Among these glycocalyx proteins, MUC1 acts as a decoy to limit microbial adhesion, a function demonstrated in the mouse gastric epithelium (Pelaseyed and Hansson, 2020). MUC1 is present on the parietal surface and surface epithelium of gastric deep fossa cells (McAuley et al., 2007), where it reduces acute and chronic H. pylori colonization by preventing the bacterium from binding directly to enterocytes (Pelaseyed and Hansson, 2020). Additionally, mice infected with the bacterial pathogen Campylobacter jejuni via the oral route can upregulate the level of MUC 1 protein in the gastrointestinal tract, thereby inhibiting the pro-apoptotic effect of Campylobacter jejuni toxins (McAuley et al., 2007). Transmembrane mucins, such as MUC3, MUC12, and MUC17, extend approximately1μm from the brush border and form part of enterocyte glycocalyx. Interestingly, MUC17 mucins can translocate from the cell surface into intracellular vesicles, suggesting that enterocytes actively manage and respond to microbial challenges at the epithelial interface (Pelaseyed et al., 2014). Acting as a bait ligand for bacterial and fungal adhesins, MUC17 not only blocks pathogen binding but also rapidly upregulates its cytoplasmic domains to enhance cytoplasmic localization. This process limits the attachment of pathogens to other cell surface molecules and subsequent invasion (McAuley et al., 2007).

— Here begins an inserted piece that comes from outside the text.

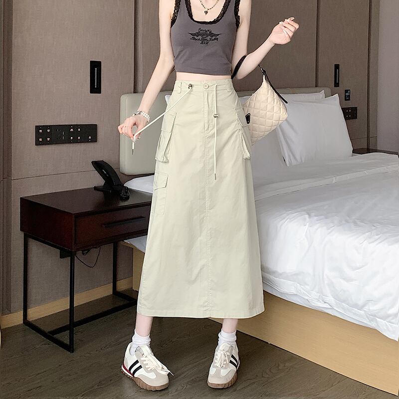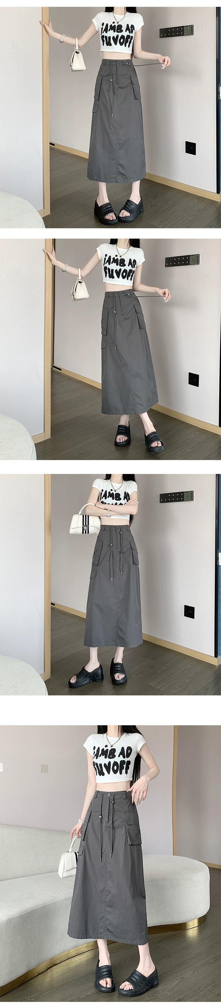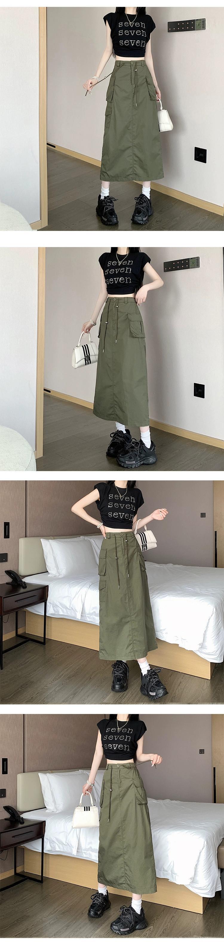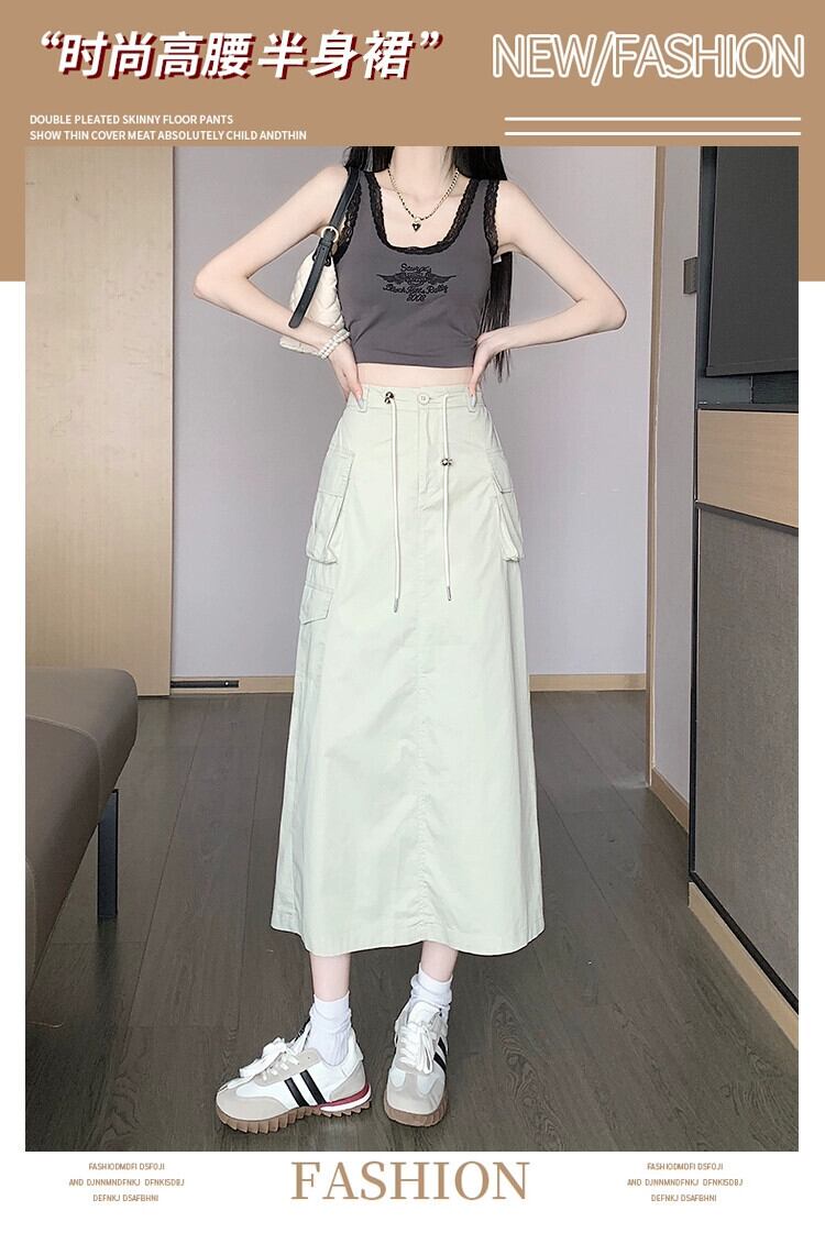 プラスサイズの婦人服 2023 ファットシスター夏新レトロスリットミッドレングススカートハイウエスト巾着ニッチツーリングスカート ハイウェスト 大きめサイズ サマー 夏物 8884154283300916

2.2.3 Secreted non-gel-forming mucins
Secreted non-gel-forming mucins, such as MUC7 and MUC8 (Supplementary Table S1), contribute to microbial binding and exhibit anti-inflammatory properties but do not affect the viscoelasticity of the mucosal layer (Puri and Edgerton, 2014). MUC7, in particular, has demonstrated fungicidal activity through the histone-like structural domain found in its N-terminal region (Cha and Song, 2018). Its amphiphilic helix structure creates hydrophilic and hydrophobic surfaces, a feature required for antimicrobial activity. Moreover, a low molecular weight MUC7-20-mer fragment found in human salivary mucin can penetrate fungal cell membrane and accumulate intracellularly. This action results in nearly 90% killing efficacy against C. albicans at 4 °C (Bobek and Situ, 2003).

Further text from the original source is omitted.